Exercise description ::
Transcribe nothing except the lines below that run from the one with "想吃甜食可能是身体缺乏碳水化合物、B族维生素、矿物质、能量等。" to the one with "The Lu Goldie Aurelie", ends included, and do not copy any picture.

Data ::
□ □ □ □ □

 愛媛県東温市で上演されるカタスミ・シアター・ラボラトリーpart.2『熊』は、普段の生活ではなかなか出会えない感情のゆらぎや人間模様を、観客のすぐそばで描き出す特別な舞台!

□ □ □ □ □

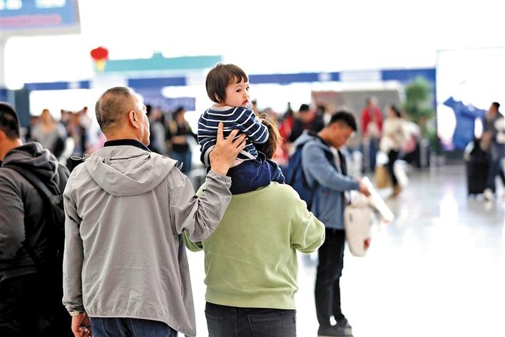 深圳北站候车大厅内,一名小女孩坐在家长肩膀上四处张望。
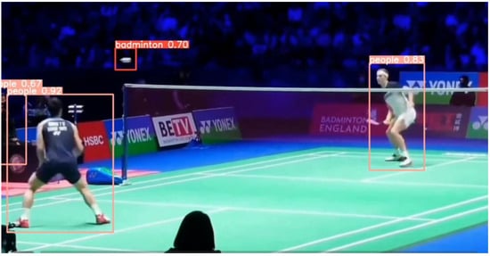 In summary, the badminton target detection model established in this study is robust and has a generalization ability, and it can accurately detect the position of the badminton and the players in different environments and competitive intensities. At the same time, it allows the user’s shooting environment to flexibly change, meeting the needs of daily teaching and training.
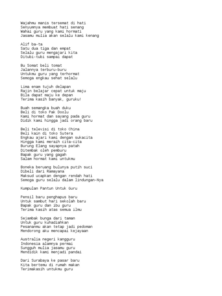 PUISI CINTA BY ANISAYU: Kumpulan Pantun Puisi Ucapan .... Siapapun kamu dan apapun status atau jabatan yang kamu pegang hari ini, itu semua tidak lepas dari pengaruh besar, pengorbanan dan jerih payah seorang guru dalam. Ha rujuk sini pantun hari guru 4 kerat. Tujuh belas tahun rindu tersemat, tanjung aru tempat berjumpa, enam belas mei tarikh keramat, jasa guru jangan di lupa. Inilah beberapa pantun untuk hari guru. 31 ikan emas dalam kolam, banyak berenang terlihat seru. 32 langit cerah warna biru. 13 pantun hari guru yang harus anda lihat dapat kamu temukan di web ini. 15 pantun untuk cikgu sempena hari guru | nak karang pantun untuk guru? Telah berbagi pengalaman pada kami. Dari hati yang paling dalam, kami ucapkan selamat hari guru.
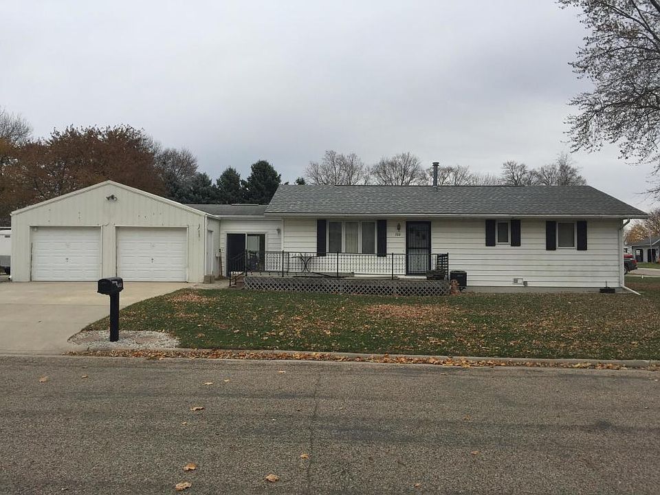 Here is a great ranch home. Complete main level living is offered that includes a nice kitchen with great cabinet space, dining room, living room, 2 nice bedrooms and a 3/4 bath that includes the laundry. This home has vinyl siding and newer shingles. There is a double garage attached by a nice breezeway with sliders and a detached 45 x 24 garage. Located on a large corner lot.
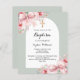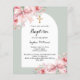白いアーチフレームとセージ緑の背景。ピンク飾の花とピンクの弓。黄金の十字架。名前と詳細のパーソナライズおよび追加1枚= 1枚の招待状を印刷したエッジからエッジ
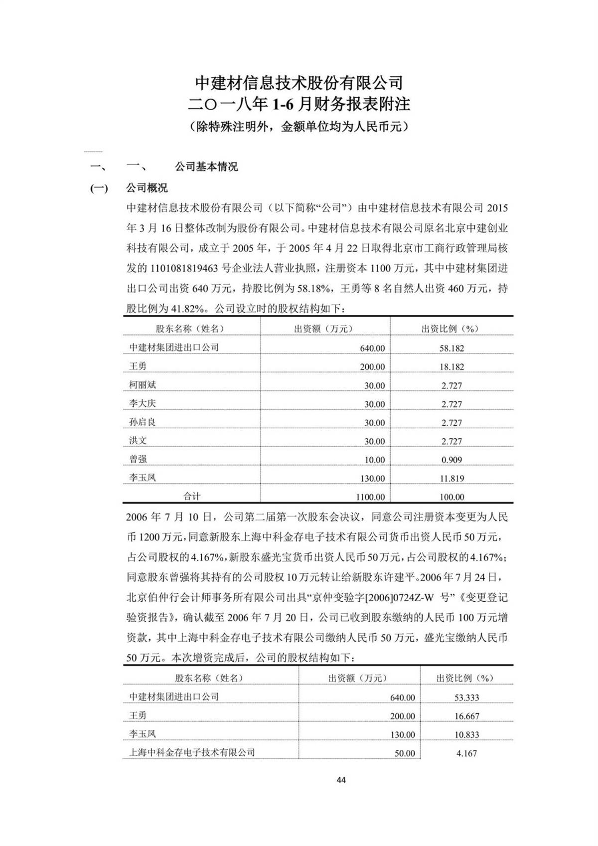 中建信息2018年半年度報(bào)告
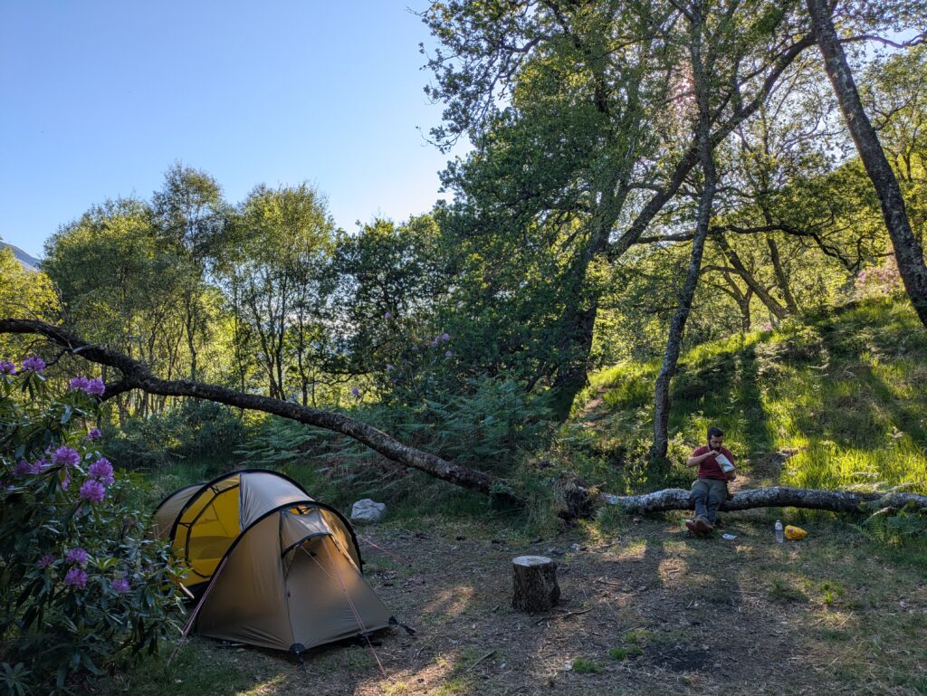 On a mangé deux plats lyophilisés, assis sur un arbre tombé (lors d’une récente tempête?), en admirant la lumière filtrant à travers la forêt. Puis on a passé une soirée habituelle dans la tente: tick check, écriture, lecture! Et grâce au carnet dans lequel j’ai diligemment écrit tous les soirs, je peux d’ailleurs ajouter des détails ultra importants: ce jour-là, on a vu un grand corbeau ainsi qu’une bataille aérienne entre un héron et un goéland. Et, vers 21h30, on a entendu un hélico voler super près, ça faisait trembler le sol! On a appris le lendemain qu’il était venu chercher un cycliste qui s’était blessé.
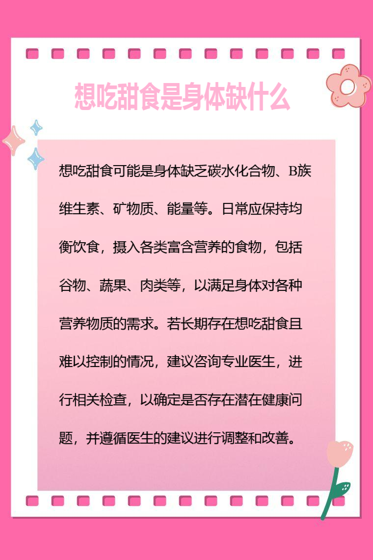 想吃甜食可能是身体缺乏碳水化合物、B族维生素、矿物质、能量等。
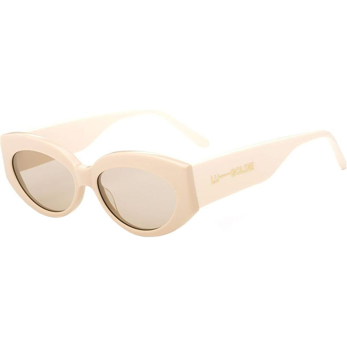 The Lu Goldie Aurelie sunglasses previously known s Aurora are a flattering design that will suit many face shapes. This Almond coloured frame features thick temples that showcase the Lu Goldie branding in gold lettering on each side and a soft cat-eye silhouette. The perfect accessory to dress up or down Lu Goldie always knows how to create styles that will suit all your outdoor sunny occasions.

□ □ □ □ □

Answer ::
 想吃甜食可能是身体缺乏碳水化合物、B族维生素、矿物质、能量等。
 The Lu Goldie Aurelie sunglasses previously known s Aurora are a flattering design that will suit many face shapes. This Almond coloured frame features thick temples that showcase the Lu Goldie branding in gold lettering on each side and a soft cat-eye silhouette. The perfect accessory to dress up or down Lu Goldie always knows how to create styles that will suit all your outdoor sunny occasions.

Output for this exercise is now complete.